À son âge, je ne sais pas s'il s'agit de sa dernière chance de rafler le Vézina, mais cette année, personne ne le mérite plus que lui.

Lidstrom, un leader exemplaire

Je donne le Norris à Nicklas Lidstrom, qui vient de devenir le premier capitaine européen à remporter la coupe Stanley. On pourrait évidemment s'attarder sur les statistiques (70 points en 76 matchs, différentiel de plus-40), mais ce qui m'impressionne à propos de Lidstrom, ce sont ses qualités de leader et l'influence qu'il a sur les joueurs autour de lui.

Le Suédois est une source de motivation pour ses coéquipiers. Il a été capable de réunir un groupe d'Européens avec un groupe de Nord-Américains pour former une chimie à l'épreuve de tout. À travers la LNH, on a peur de jouer contre les Red Wings et la présence de Lidstrom y est pour beaucoup.

Les amateurs de hockey de la côte Est ont pu apprendre à mieux connaître Lidstrom au cours des dernières séries. On s'est aperçu que quand ça va mal pour son équipe, c'est autour de lui que les joueurs se regroupent. C'est un joueur respecté par l'adversaire, qui ne donne jamais de coups salauds. Il pratique son sport comme il devrait être pratiqué.

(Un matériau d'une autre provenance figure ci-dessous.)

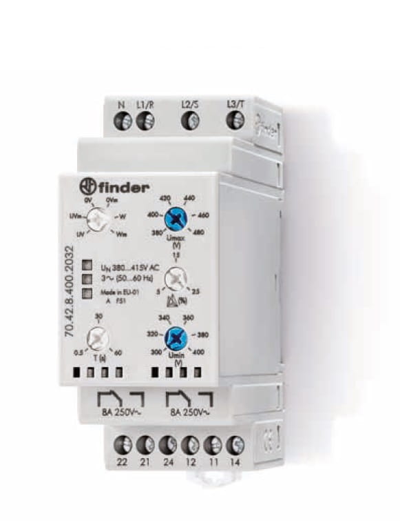 Elektroniczny przekaźnik nadzoru napięcia trzech faz (380…415V) z przewodem neutralnym

Un Blackhawk, mais lequel?

On s'attend tous à ce qu'un joueur des Blackhawks monte sur la scène pour accepter le trophée Calder. Alors que plusieurs croient que ce joueur sera Patrick Kane, je penche plutôt du côté de son coéquipier Jonathan Toews.

J'opte pour le jeune Canadien même si une blessure l'a forcé à manquer sa part de match. Pourquoi? Parce qu'il occupe une position clé, celle de joueur de centre, et qu'il est plus complet que Kane et Nicklas Backstrom, l'autre nominé.

Toews ne pense pas simplement à marquer. Il a une bonne vision du jeu et se démarque par l'impact qu'il exerce en défensive. En fait, il sait s'impliquer dans les trois zones de la patinoire. Je suis persuadé qu'il est le prochain capitaine des Blackhawks et s'il continue sur la même voie, il va devenir un joueur de la trempe des Steve Yzerman et Joe Sakic.

Datsyuk, un joueur complet

Finalement, je donne le trophée Frank Selke à Pavel Datsyuk, des Red Wings. En fait, on pourrait le remettre au duo qu'il forme avec Henrik Zetterberg, qui est également en nomination, mais je favorise le Russe parce qu'il joue au centre. Je reviens souvent là-dessus, mais pour moi, une équipe se bâtit d'abord devant le filet, ensuite à la défensive, et puis au centre. C'est une position tellement plus difficile, ça peut prendre des années à la maîtriser entièrement.

Datsyuk est un joueur intense, fougueux et agressif. C'est lui qui peut te donner le plus de points à l'intérieur d'un système défensif. Il comprend bien son rôle et le remplit à la perfection. Et en plus, il excelle sur les mises en jeu.